Lim's skill at playing the futuristic battle game StarCraft has turned him into the first superstar of the e-sports era, South Korea's Babe Ruth of gaming. Usually referred to by his nicknames Boxer (short for his game ID SlayerS_'BoxeR') or the Emperor, he has won more games of professional StarCraft than anyone else in South Korea, becoming a celebrity in a country so serious about gaming that it boasts professional leagues and two cable channels televising games 24/7.

His good looks and easy smile have made him a sex symbol in a "sport" supposedly the domain of geeks. He wrote his biography -- "(Try and Be) As Crazy As Me" -- at 25.

Lim's life was charmed until the South Korean military stepped in last year to remind him that the armed forces are not a mosaic of digital dots and simulated explosions but real battles, waged by men and women, not Firebats, Wraiths and Zerglings.

Like every eligible South Korean male, Lim is obliged to put in 27 months of service in a military stuck in a 54-years-and-counting standoff with North Korea. In his mid-20s, he could put off his compulsory commitment no longer. He got his draft notice, went through basic training and was assigned to the air force in October.

No one knows exactly what Lim does for the air force, though the gaming community is pretty much convinced that the generals have him running computer simulations of war games. But the air force clearly knew it had a special conscript in Pvt. Lim Yo-hwan. Lim in uniform was a PR opportunity it couldn't miss. The air force formed its own electronic gaming team and asked him to lead it into battle against the enemy: e-sports clubs sponsored by South Korea's big TV, telecom and shipbuilding corporations.

That's why there was so much buzz over Lim's first air force fight: a daylong tournament against 11 other teams held at Seoul's Jamsil Indoor Stadium. For StarCraft fans, the $20,000 top prize money was almost incidental.

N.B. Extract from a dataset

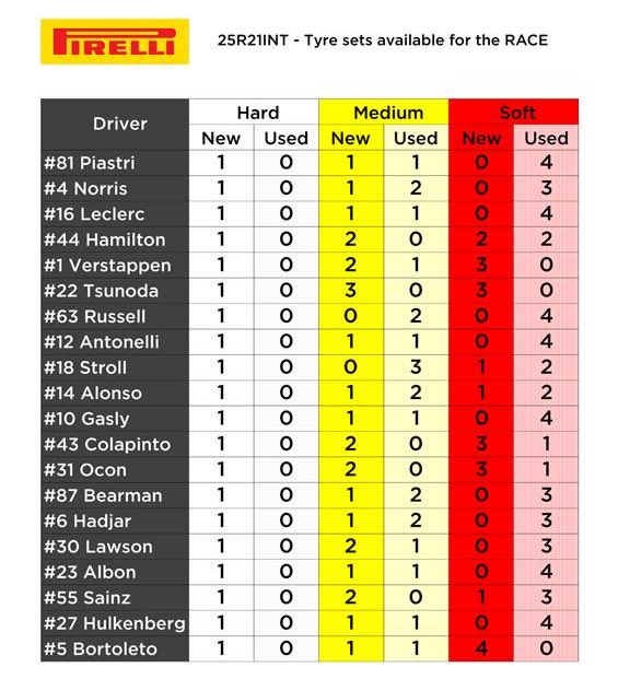 Norris, Leclerc, Piastri, Russell, Hulkenberg, Albon y Colapinto salen con neumáticos MEDIOS. Antonelli, Hadjar, Lawson, Bearman, Gasly, Hamilton, Sainz y Bortoleto van con BLANDOS. Alonso, Stroll, Tsunoda, Verstappen y Ocon van con DUROS.

"How's life in the military?" the announcer asks Lim before the games begin.

"Everything's going great," he says.

The crowd goes nuts.

SOUTH Korean gamers are obsessed with StarCraft. Because the first generations of video game consoles were Japanese-made and banned here by trade restrictions against Korea's old colonizer, the gamers developed their skills by playing online with PCs. And in the late 1990s, StarCraft was the hot game.

To most Korean gamers, e-sports start and end with StarCraft.

"StarCraft is a great game, but it's the only game that is popular at a professional level in Korea," said Daniel Lee, manager of the professional eNature Top Team. Irvine-based Blizzard Entertainment, the game's maker, has sold more than 6 million copies in South Korea, where it has been played by more than 10 million people in a population of 49 million.

But nobody in South Korea has ever played StarCraft like Lim.

The game requires players to choose one of three "races" to wage their intergalactic battles, and Lim made his reputation by winning with troops from the Terran race -- hence his full nickname the Terran Emperor. Some players argue that Terran is the weakest race, but Lim says he was always convinced that the genius of StarCraft lay in the fact that the three had equal abilities.

The StarCraft obsession evolved from being the game of choice in PC bangs, as South Korean Internet cafes are known, to scattered tournaments in the late 1990s.